======== TASK INPUTS

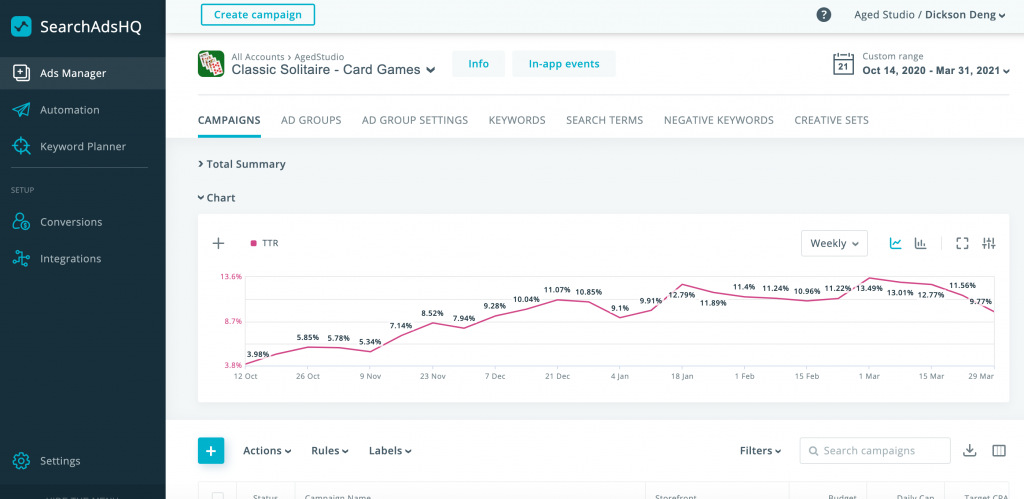 The Aged Studio team started using SplitMetrics Acquire in November 2020. With about 30 target markets, mostly European countries, they focused on building a campaign structure focused by keyword themes, expanding and optimizing keywords, and tracking KPIs that included CPA, TTR and CR.
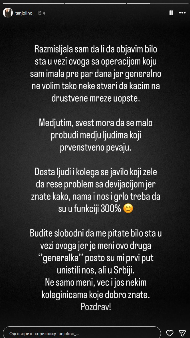 - Razmišljala sam da li da objavim bilo šta u vezi ovoga sa operacijom koju sam imala pre par dana jer generalno ne volim tako neke stvari da kačim na društvene mreže uopšte. Međutim, svest mora da se malo probudi među ljudima koji prvenstveno pevaju. Dosta ljudi i kolega se javilo koji žele da reše problem sa devijacijom jer znate kako, nama i nos i grlo treba da su u funkciji 300% - napisala je pevačica, pa nastavila:
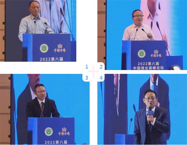 ▲图为:开幕式嘉宾致辞(左上1:专家代表西南农大教授、科信药业董事长张洪培先生,右上2:企业代表扬翔集团副总裁高远飞先生,左下3:协办方代表湖北中新开维总经理金林先生致辞,右下4:主办方代表中国猪业高层交流论坛会长李俊柱先生)
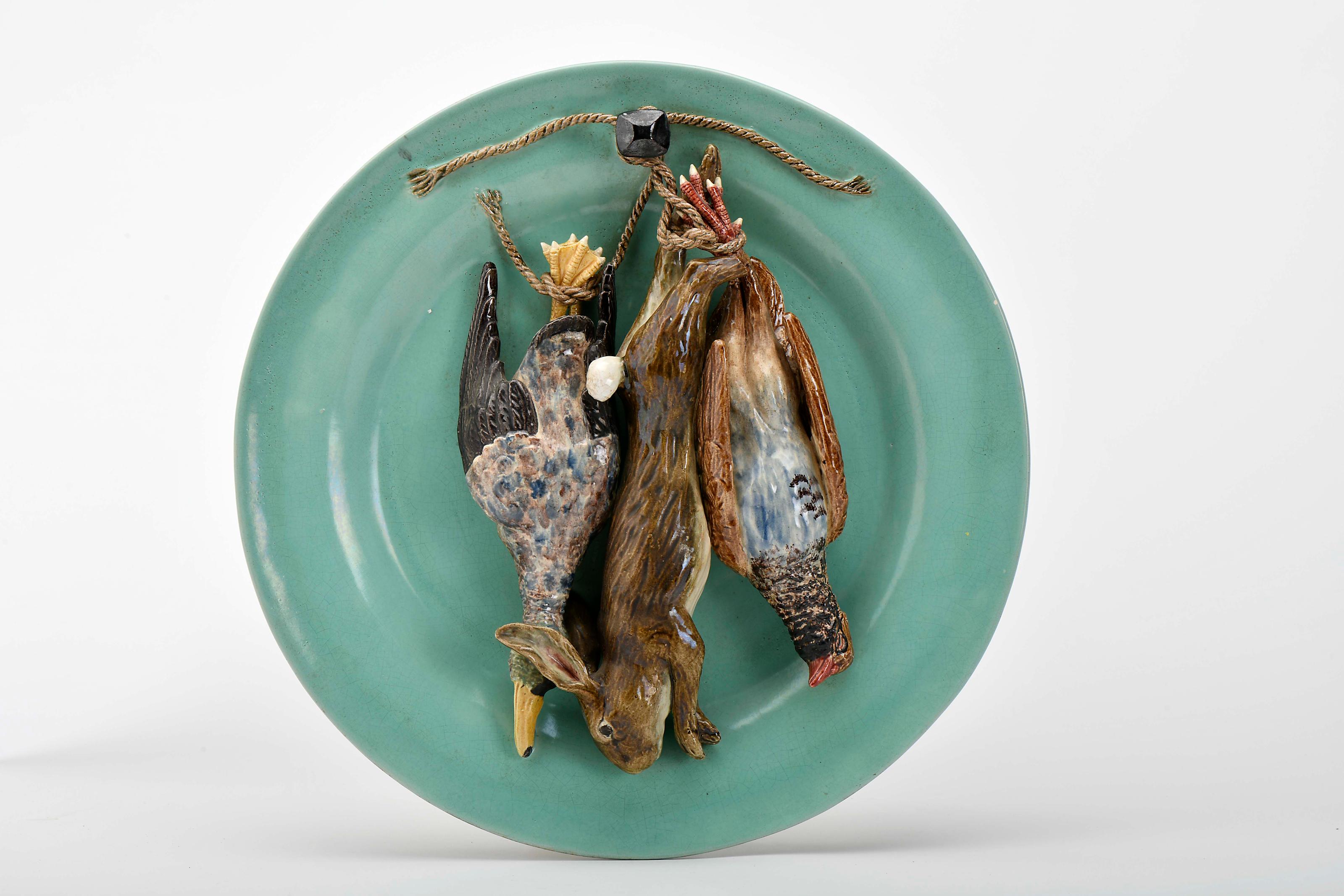 Prato decorativo de suspensão "Caça" faiança das Caldas decoração policromada e relevada sobre fundo azul falta de parte de uma pata e pequena esbeiçadela na orelha do coelho modelo de Rafael Bordallo Pinheiro (1884-1905), Fábrica de Faianças Artísticas Bordalo Pinheiro Lda. (a partir de 1924), verso com inscrição MADE IN PORTUGAL Dimensões (altura x comprimento x largura) - 35,5 cm Notas: exemplar semelhante integrou a colecção Maldonado de Freitas - vd. catálogo da exposição "A louça das Caldas na colecção de faiança Maldonado de Freitas ". Caldas da Rainha: Câmara Municipal das Caldas da Rainha, 2005, p. 168.
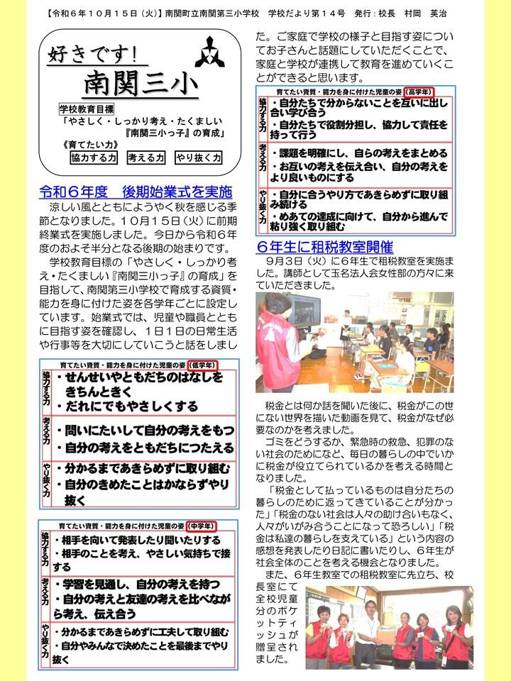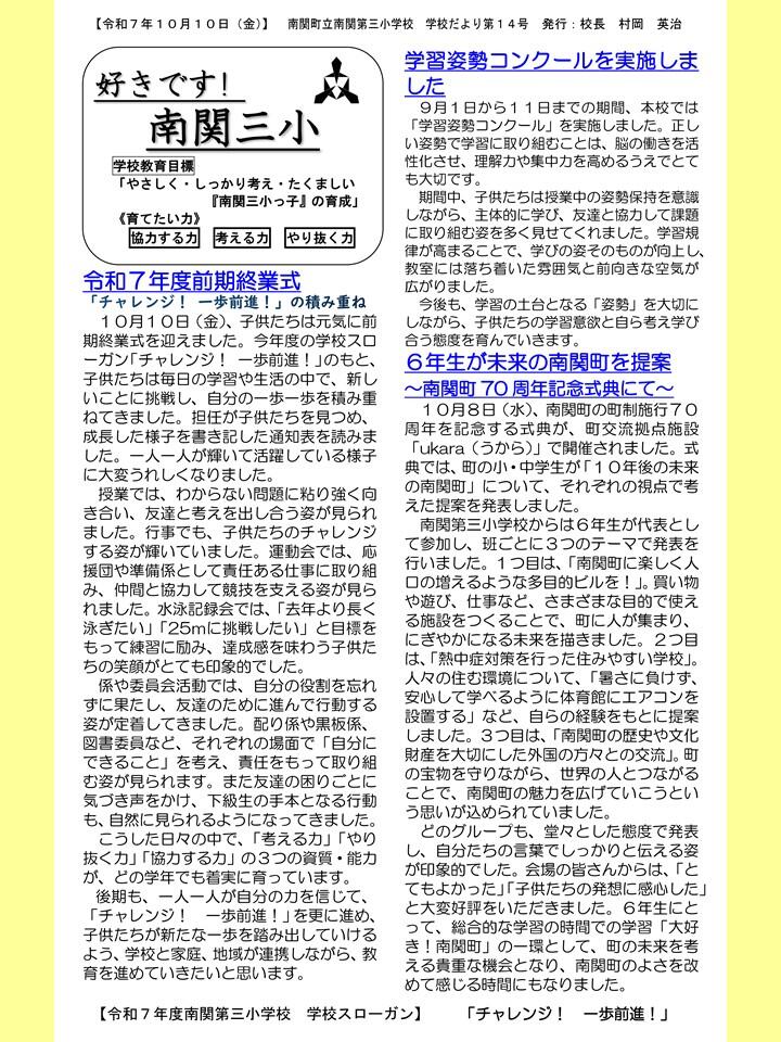 NO.14 251010 学校だより R7「好きです! 南関三小」14号(南関第三小学校)(送付用・HP用).pdf
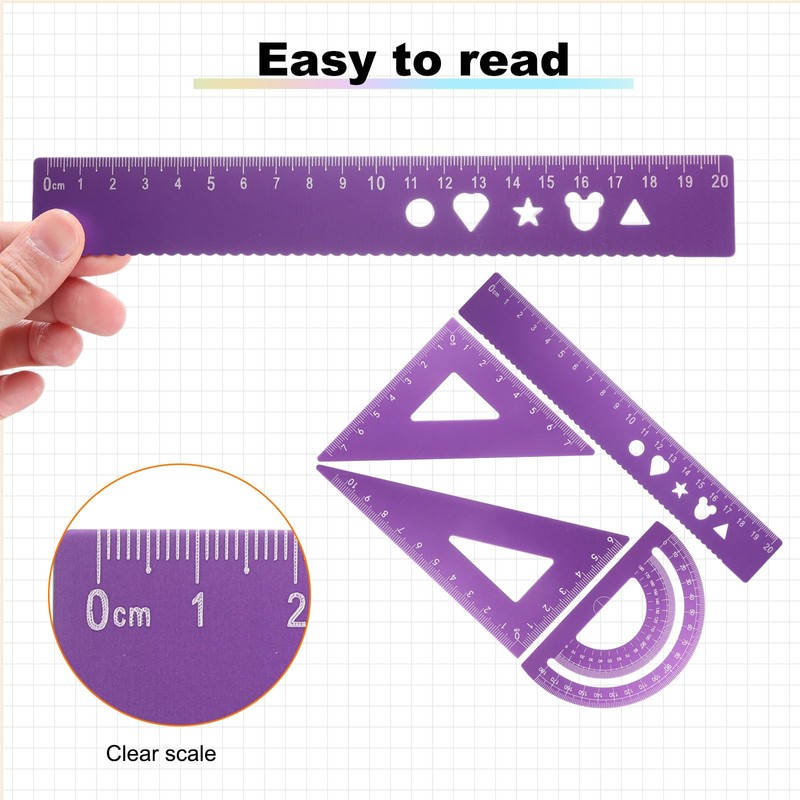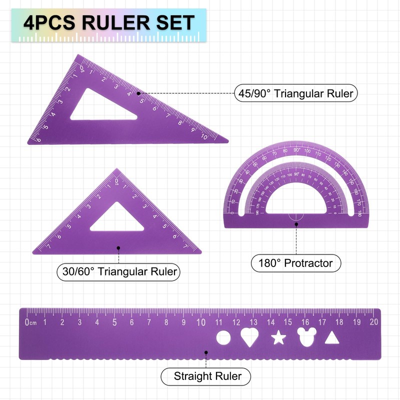 - Package Content - 1pcs straight rulers, 1pcs 30/60 degree triangle rulers, 1pcs 45/90 degree triangle rulers, 1pcs protractors. Different types of rulers can meet different drawing needs and improve measurement and drawing efficiency.
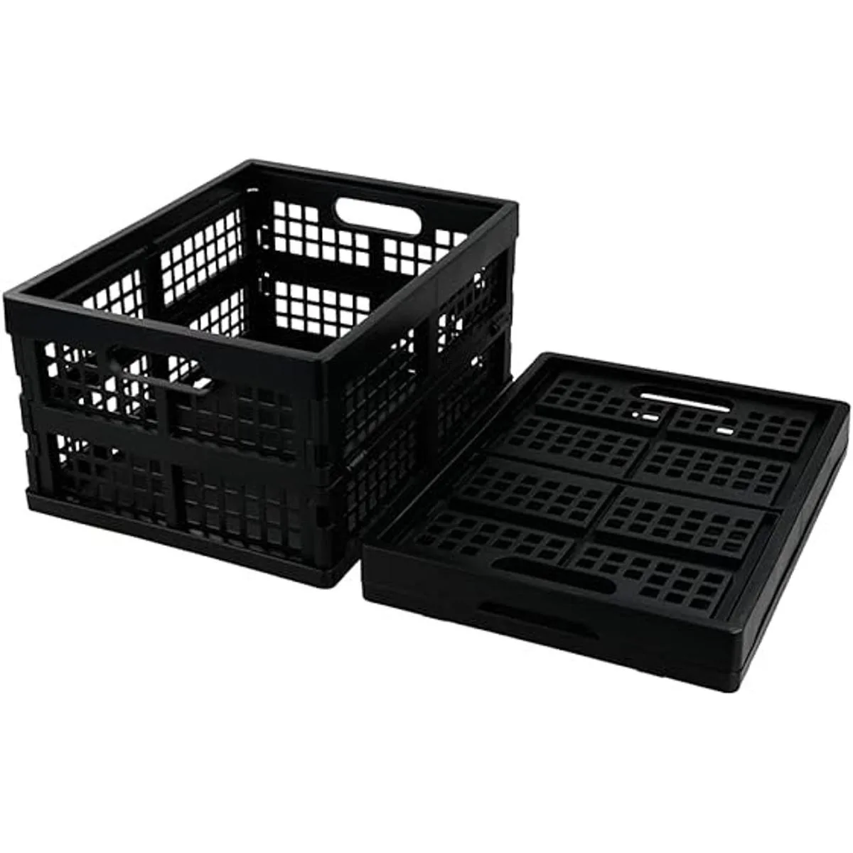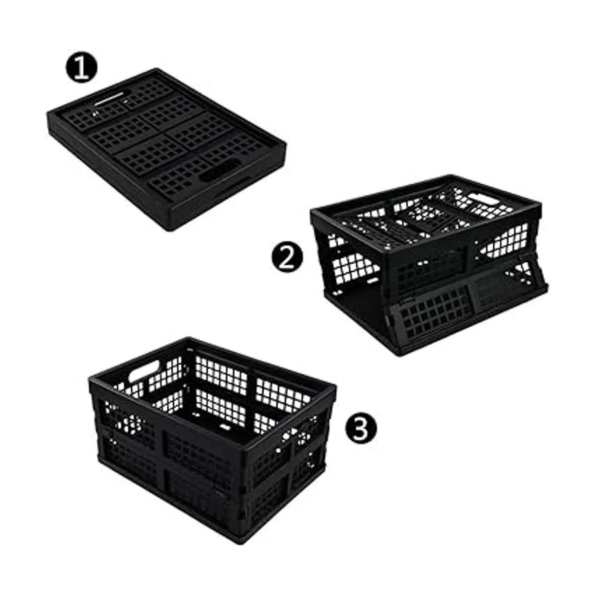 Saedy 16 Litros Negro Plegable Almacenamiento Crates, Cajón Plegable Cesta de Plástico Papeleras, 2 Paquetes
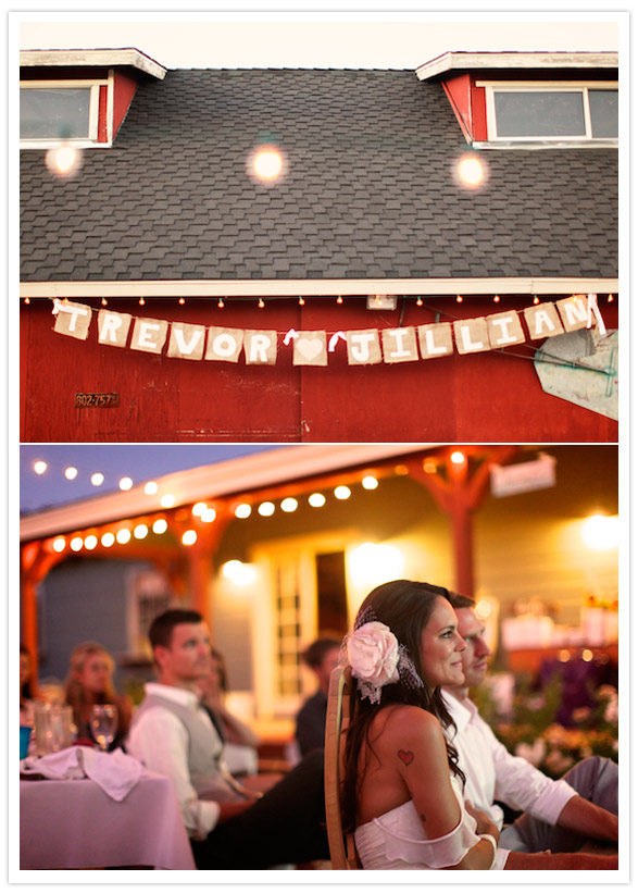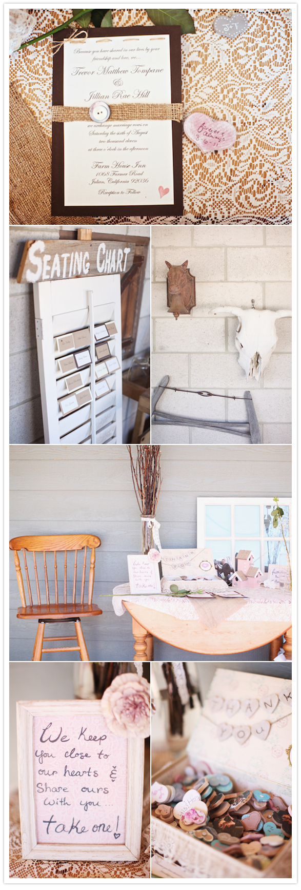 Planning your wedding on a small budget? Like less than 10k? No problemo. Just be prepared to fall in love with glue, paint, ribbon, and late nights. That’s a good thing. And, that’s exactly how our bride, Jillian was able to knock out a romantic country wedding for 160 guests with a budget of $7,000. Before we share some of her secrets, let’s get to know these two lovebirds. Trevor, well, he’s an avid surfer and smarty pants Boston Grad + UCLA Masters Grad, offering aid and relief in Africa, Chile, Panama, and Mexico (high-five!). Jillian on the other hand, gets sea sick just being on a surfboard, has no training in science, and has never been out of the country. She is though, one talented hair stylist, a Julia Child in the making, and a bona fide creative cookie. He’s got the brains, she’s got the creativity – it works!
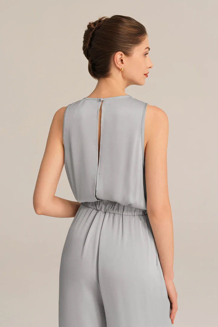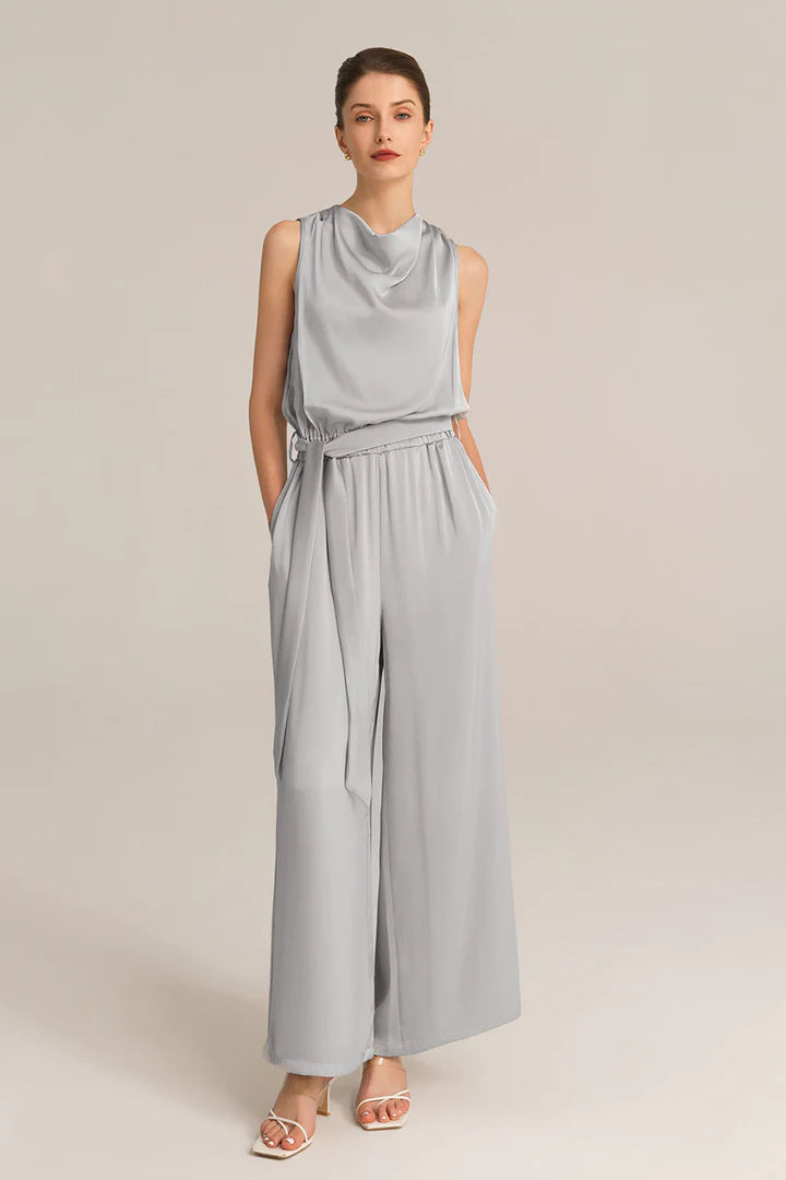 Ολόσωμη φόρμα από ελαφρώς ντραπέ σατέν με βαθύ άνοιγμα στην πλάτη με κουμπί στον αυχένα. Λοξές πλαϊνές τσέπες, αφαιρούμενη δετή ζώνη και λάστιχο στην στη μέση. Φαρδιά, ελαφρώς εβαζέ γραμμή στα πόδια.
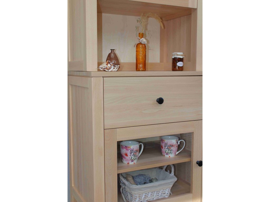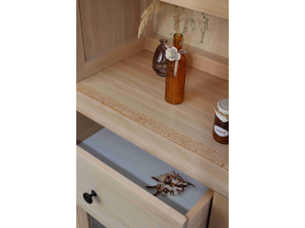 Kredenc ROMA KRT1 v přírodním bukovém provedení nabízí praktické úložné prostory a nadčasový design. Masivní kredenc ROMA je moderní kredenc z masivu, která může zároveň sloužit i jako stylová knihovna. Kredenc se prezentuje jednoduchými liniemi a krásnou dřevitou kresbou.

================

Every word of the material, and none of its pictures, should be set down again.

 The Aged Studio team started using SplitMetrics Acquire in November 2020. With about 30 target markets, mostly European countries, they focused on building a campaign structure focused by keyword themes, expanding and optimizing keywords, and tracking KPIs that included CPA, TTR and CR.
 - Razmišljala sam da li da objavim bilo šta u vezi ovoga sa operacijom koju sam imala pre par dana jer generalno ne volim tako neke stvari da kačim na društvene mreže uopšte. Međutim, svest mora da se malo probudi među ljudima koji prvenstveno pevaju. Dosta ljudi i kolega se javilo koji žele da reše problem sa devijacijom jer znate kako, nama i nos i grlo treba da su u funkciji 300% - napisala je pevačica, pa nastavila:
 ▲图为:开幕式嘉宾致辞(左上1:专家代表西南农大教授、科信药业董事长张洪培先生,右上2:企业代表扬翔集团副总裁高远飞先生,左下3:协办方代表湖北中新开维总经理金林先生致辞,右下4:主办方代表中国猪业高层交流论坛会长李俊柱先生)
 Prato decorativo de suspensão "Caça" faiança das Caldas decoração policromada e relevada sobre fundo azul falta de parte de uma pata e pequena esbeiçadela na orelha do coelho modelo de Rafael Bordallo Pinheiro (1884-1905), Fábrica de Faianças Artísticas Bordalo Pinheiro Lda. (a partir de 1924), verso com inscrição MADE IN PORTUGAL Dimensões (altura x comprimento x largura) - 35,5 cm Notas: exemplar semelhante integrou a colecção Maldonado de Freitas - vd. catálogo da exposição "A louça das Caldas na colecção de faiança Maldonado de Freitas ". Caldas da Rainha: Câmara Municipal das Caldas da Rainha, 2005, p. 168.
 NO.14 251010 学校だより R7「好きです! 南関三小」14号(南関第三小学校)(送付用・HP用).pdf
 - Package Content - 1pcs straight rulers, 1pcs 30/60 degree triangle rulers, 1pcs 45/90 degree triangle rulers, 1pcs protractors. Different types of rulers can meet different drawing needs and improve measurement and drawing efficiency.
 Saedy 16 Litros Negro Plegable Almacenamiento Crates, Cajón Plegable Cesta de Plástico Papeleras, 2 Paquetes
 Planning your wedding on a small budget? Like less than 10k? No problemo. Just be prepared to fall in love with glue, paint, ribbon, and late nights. That’s a good thing. And, that’s exactly how our bride, Jillian was able to knock out a romantic country wedding for 160 guests with a budget of $7,000. Before we share some of her secrets, let’s get to know these two lovebirds. Trevor, well, he’s an avid surfer and smarty pants Boston Grad + UCLA Masters Grad, offering aid and relief in Africa, Chile, Panama, and Mexico (high-five!). Jillian on the other hand, gets sea sick just being on a surfboard, has no training in science, and has never been out of the country. She is though, one talented hair stylist, a Julia Child in the making, and a bona fide creative cookie. He’s got the brains, she’s got the creativity – it works!
 Ολόσωμη φόρμα από ελαφρώς ντραπέ σατέν με βαθύ άνοιγμα στην πλάτη με κουμπί στον αυχένα. Λοξές πλαϊνές τσέπες, αφαιρούμενη δετή ζώνη και λάστιχο στην στη μέση. Φαρδιά, ελαφρώς εβαζέ γραμμή στα πόδια.
 Kredenc ROMA KRT1 v přírodním bukovém provedení nabízí praktické úložné prostory a nadčasový design. Masivní kredenc ROMA je moderní kredenc z masivu, která může zároveň sloužit i jako stylová knihovna. Kredenc se prezentuje jednoduchými liniemi a krásnou dřevitou kresbou.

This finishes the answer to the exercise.